(Records excerpted from a collection)
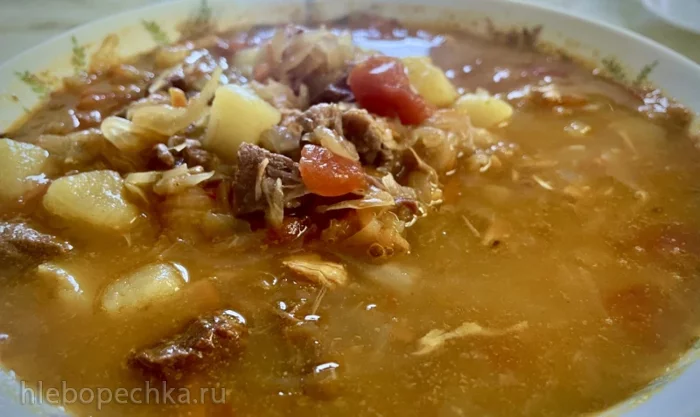 Капуста не сварилась, а именно протомилась, впитав в себя ..., вернее будет сказать, что в приварке вкусы и ароматы продуктов в него вложенных, что называется «переженились». Сочно и смачно так получилось, что и варить то дальше не надо – бери ложку, кусок ржаного хлеба и ..., но не стоит торопить события.
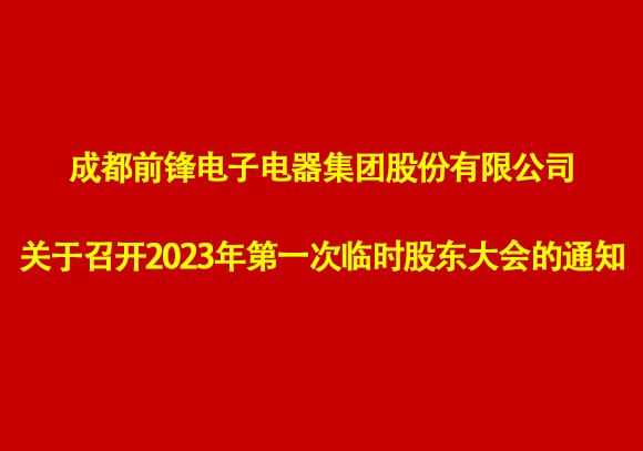 成都前鋒電子電器集團(tuán)股份有限公司2023年第一次臨時(shí)股東大會(huì)決議公告 成都前鋒電子電器集團(tuán)股份有限公司2023年第一次臨時(shí)股東大會(huì)通知
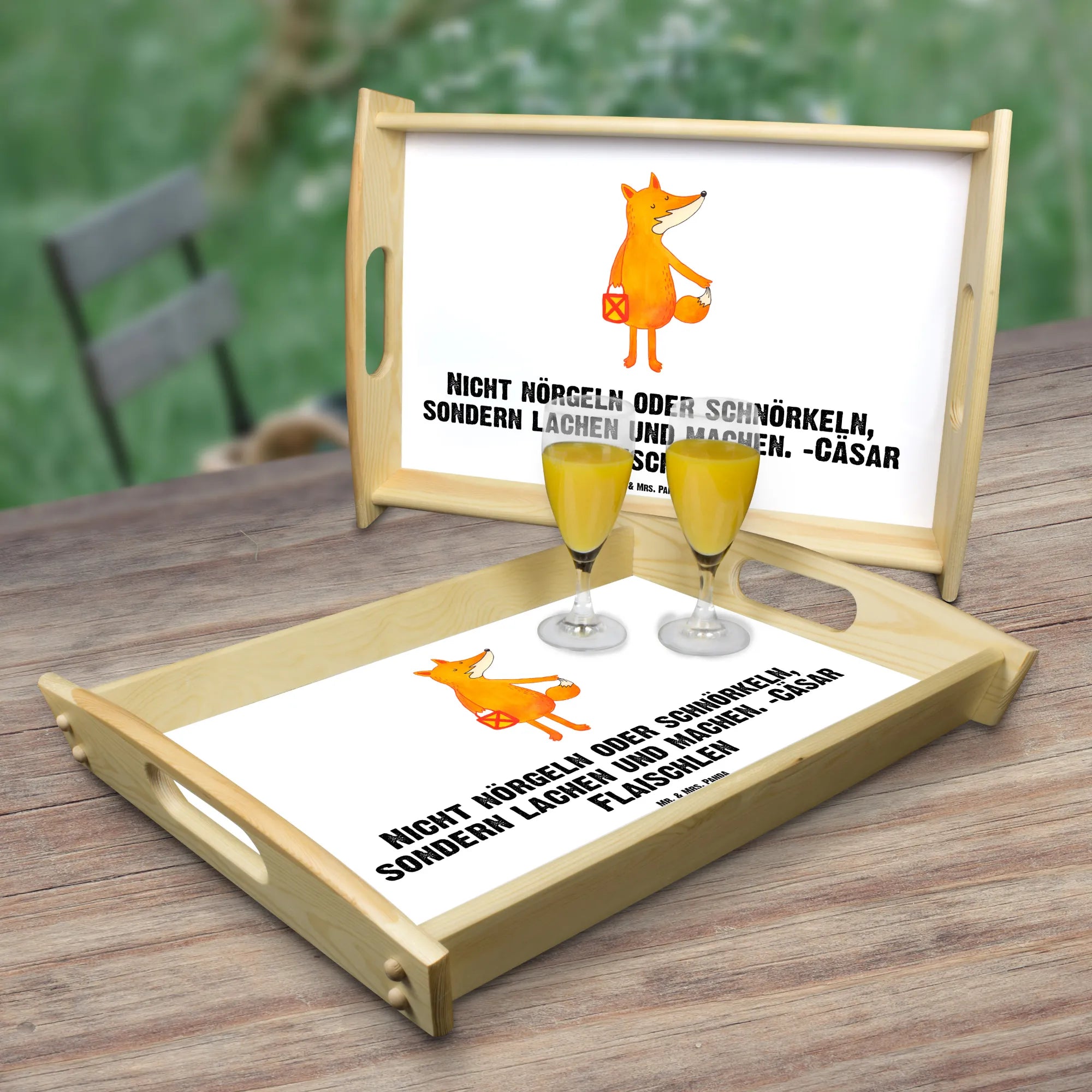 Serviertablett Fuchs Laterne - mit Spruch - Weiß
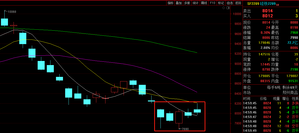 The weekly opening price of 2209 main contract was 8080, the highest price was 8198, the lowest price was 7690, the closing price was 8014, the settlement price was 8086, the trading volume was 974643, and the position was 147516, down 4.84%.
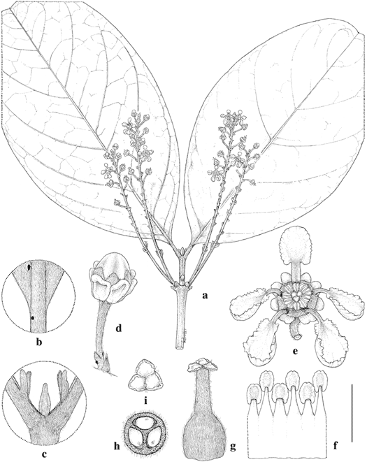 Scale bar equivalents: A, 4 cm; B, c, 8 mm; D, 9 mm; E, 4 mm; F–I, 2 mm. Based on Soejarto 2919, MO. Drawn by Karin Douthit. First published by W. R. Anderson in Acta Botanica Mexicana 109: 25. 2014.
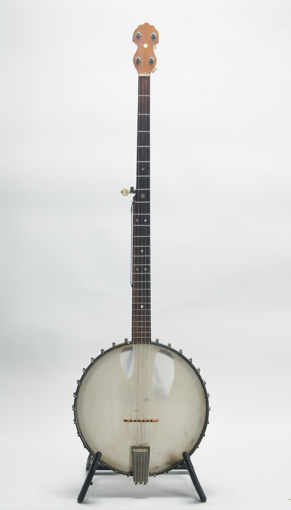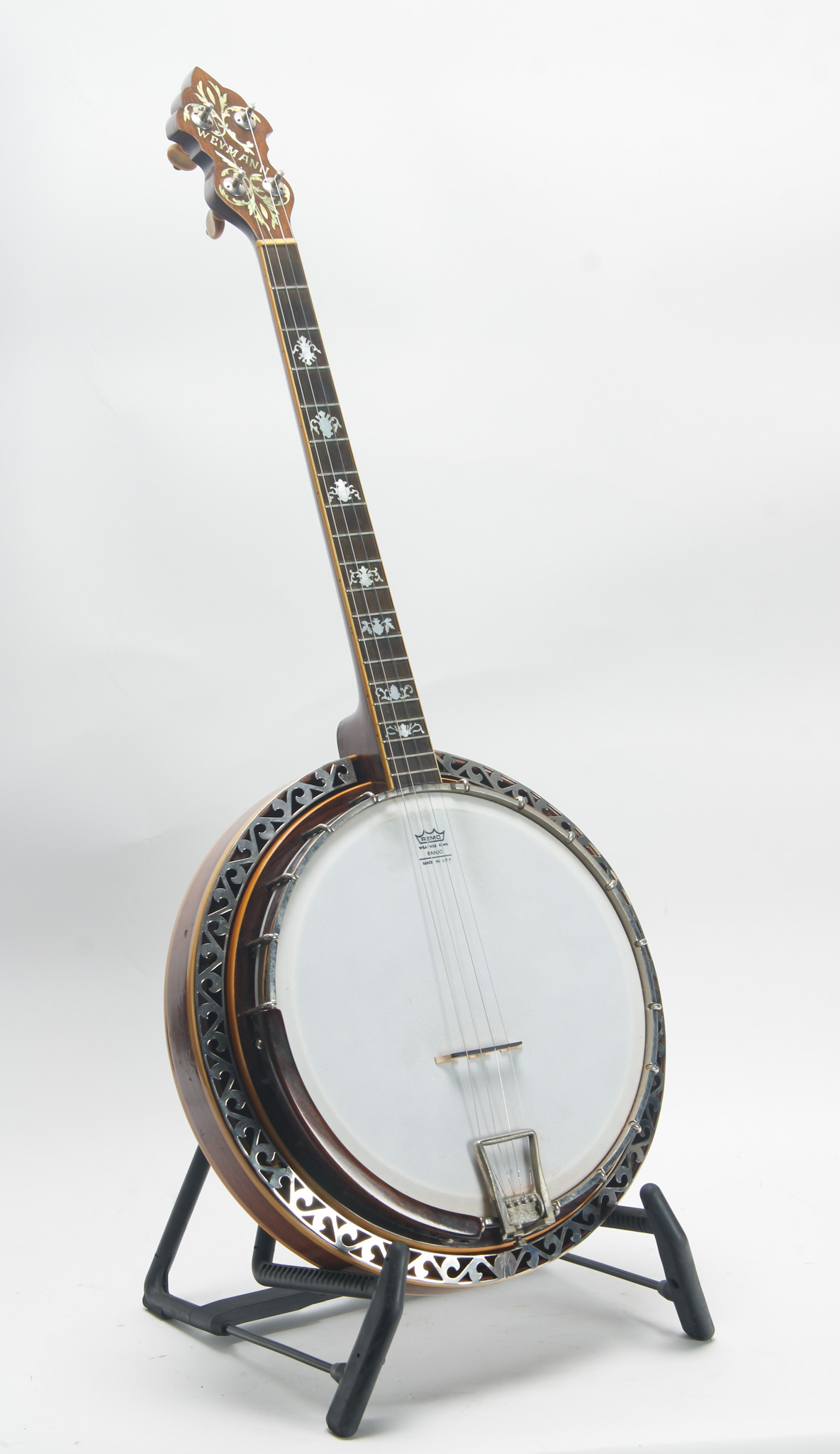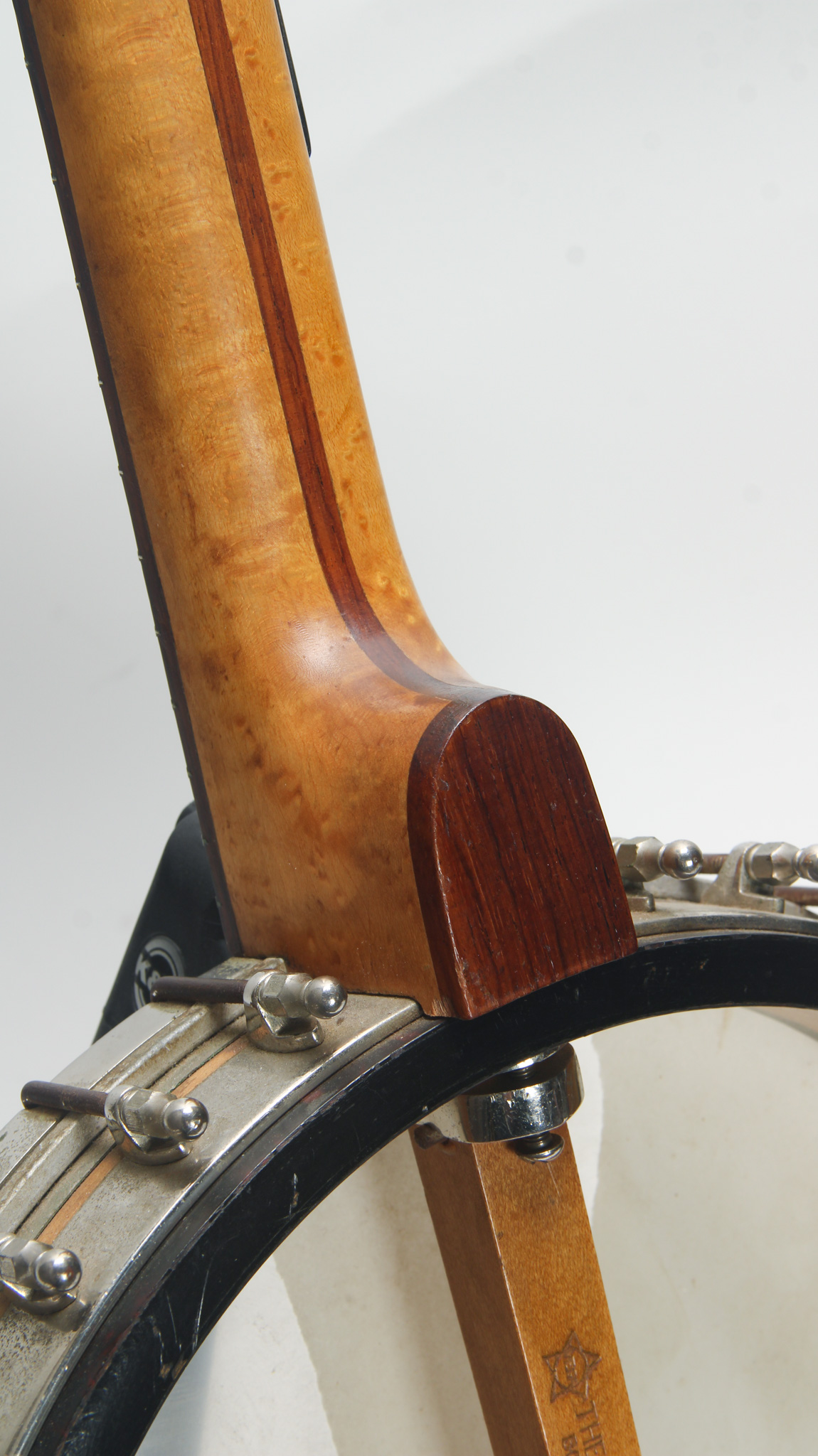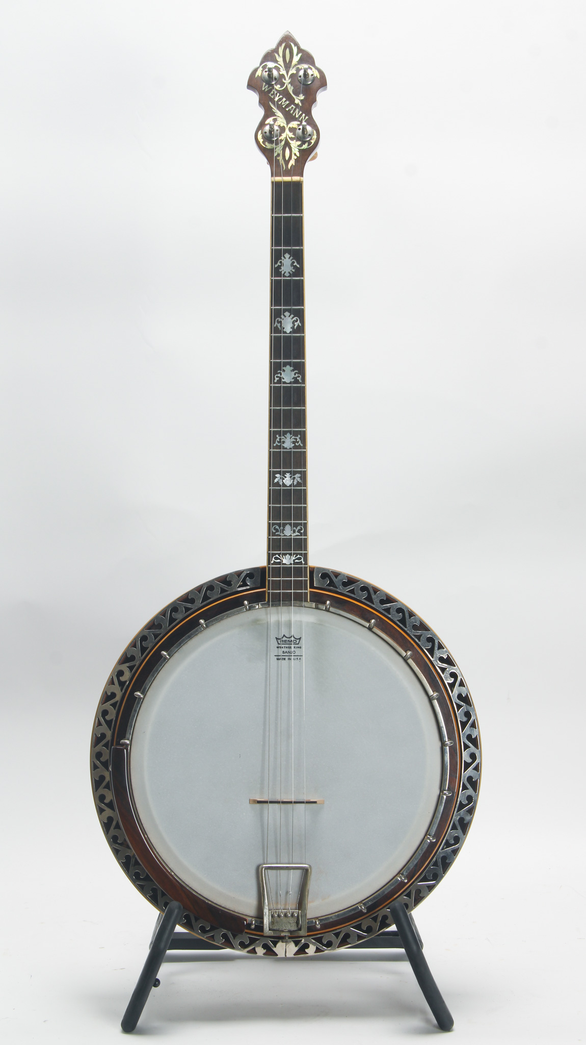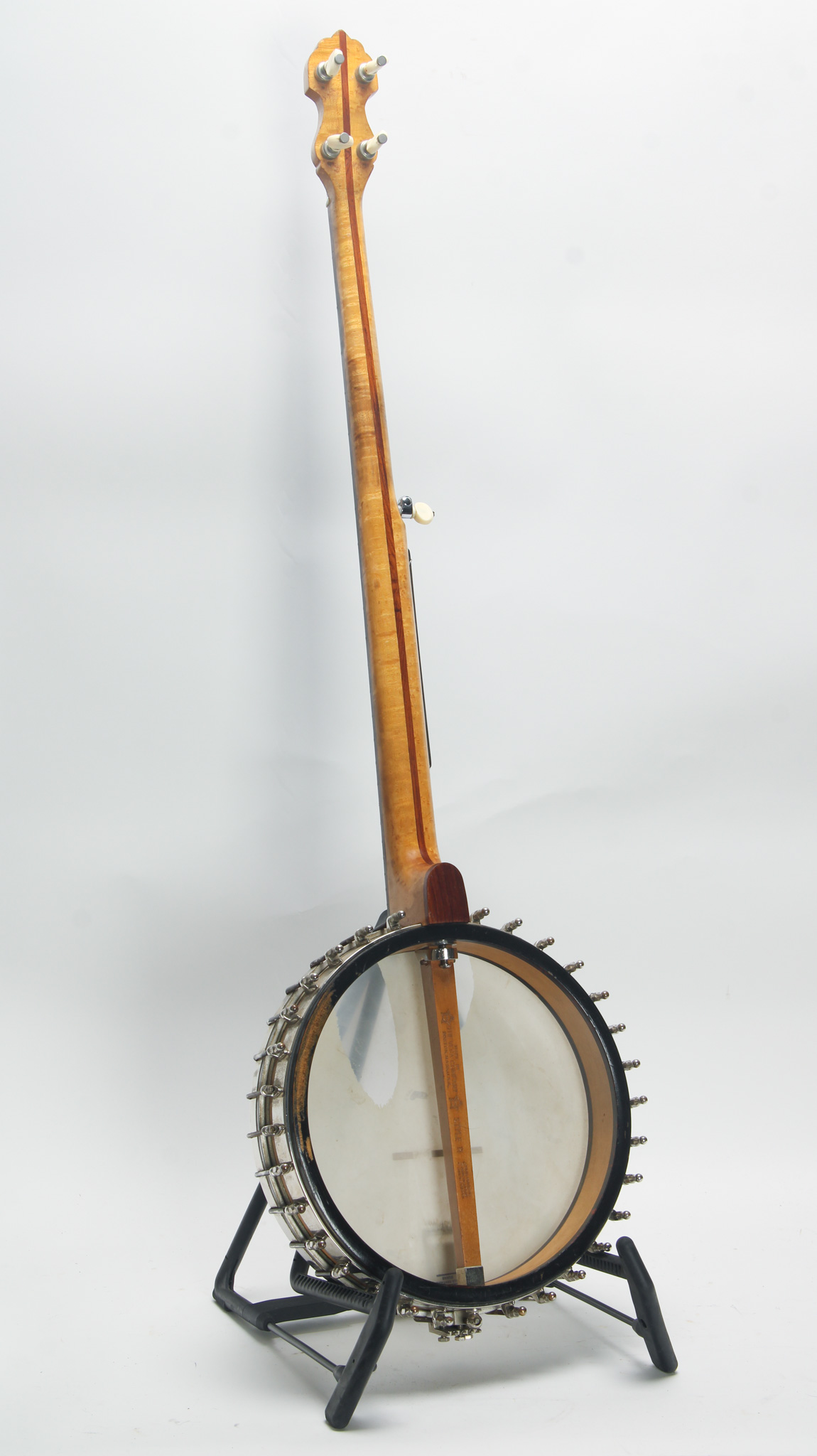 Rarely executed longneck/five string conversion utilizing an original 11-13/16" diameter Vega Style R Whyte Laydie rim assembly and three piece longneck, probably made in the middle part of the 20th...

» WORK ITEM: The expected output is an exact copy of the lines from the one with "Serviertablett Fuchs Laterne" to the final line of the entries above, pictures excepted; please include both ends.

» WRITTEN RESPONSE:
 Serviertablett Fuchs Laterne - mit Spruch - Weiß
 The weekly opening price of 2209 main contract was 8080, the highest price was 8198, the lowest price was 7690, the closing price was 8014, the settlement price was 8086, the trading volume was 974643, and the position was 147516, down 4.84%.
 Scale bar equivalents: A, 4 cm; B, c, 8 mm; D, 9 mm; E, 4 mm; F–I, 2 mm. Based on Soejarto 2919, MO. Drawn by Karin Douthit. First published by W. R. Anderson in Acta Botanica Mexicana 109: 25. 2014.
 Rarely executed longneck/five string conversion utilizing an original 11-13/16" diameter Vega Style R Whyte Laydie rim assembly and three piece longneck, probably made in the middle part of the 20th...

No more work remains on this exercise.